I like the idea of the management tool on one machine, the $5,000 price is more than the cost of both of my systems.  The puppet and chef seem to be configuration control applications that constrain changes to user/admin defined properties.  These are more than what I was looking for but they might also be able to perform the limited action I am looking for such record the system configuration state. 

> >
> > Background:
> > I have installed Jessie on the target desktop which I will use as a work
> > station for both local and remote access from a laptop which I have also
> > installed Jessie and Xen. Being new to Linux, every step I take is an
> > experiment and some of the steps fail and through the help of others
> > online, I eventually recover. But this means my dom0 is probably full
> > of things that are no longer used, or poorly patched. I have rebuilt
> > both of these system from scratch 6 to 8 times due to unrecoverable
> > errors. I have defaulted to rebuilding rather than a recovery disk because:
> > I have not figured out how to build and use a recovery disk (especially
> > on the laptop with no removable drive but with USB ports).
> > I have accepted this failing as I learn a lot through repetition.
> If your new to Linux, my suggestion would be to use some pre-built
> recovery solution like SystemRescueCD (http://sysresccd.org) (it started
> as a CD-ROM image, but it's useable a number of different ways including
> USB drives and even network booting). It's Gentoo based instead of
> Debian based, so some of the commands might be different from what
> you're used to, but it's one of the best free system recovery tools out
> there.
> >
> > If I had a method to record all these activities, I am sure I would
> > learn better. I have all sorts of notes that I keep online so system
> > failures won't disrupt my records. But my records are not organized very
> > well as I started without a clear understanding of where I was going.

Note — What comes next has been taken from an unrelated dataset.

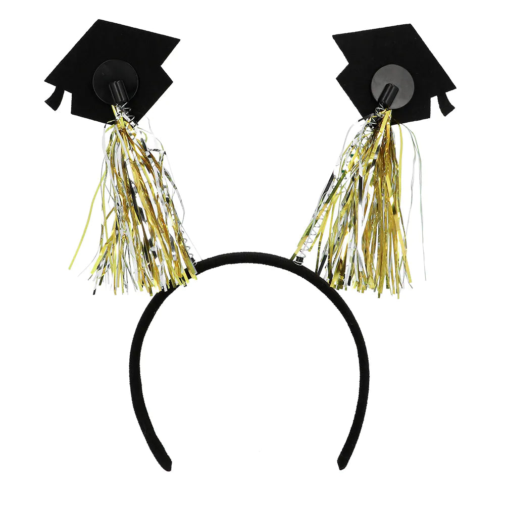 Valmistumisesta voi olla ylpeä. Tämä söpö valmistujaistiaara, jossa on pienet tohtorinhatut ja kultaiset tupsut, on siksi täydellinen lisävaruste, jolla saat valmistuneen valokeilaan.
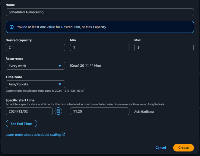 - ✅ Create scheduled autoscaling

> If you're doing most of this from the command line, you could regularly
> save copies of your shell's command history. I don't really have any
> suggestions for GUI usage, as most of my management activities are done
> solely from the command line.
While I use the GUI a lot, most of the actual configuration is through CLI.  I  like the idea of using the CLI history, but I haven't figured out how to do that effectively or efficiently.  I am guessing there are probably grep and awk ways of doing this, I have not found one.  Just now it seems like I could be tagging my CLI action with key words for searching.  But I could image a GUI that would provide a method with less of a learning curve.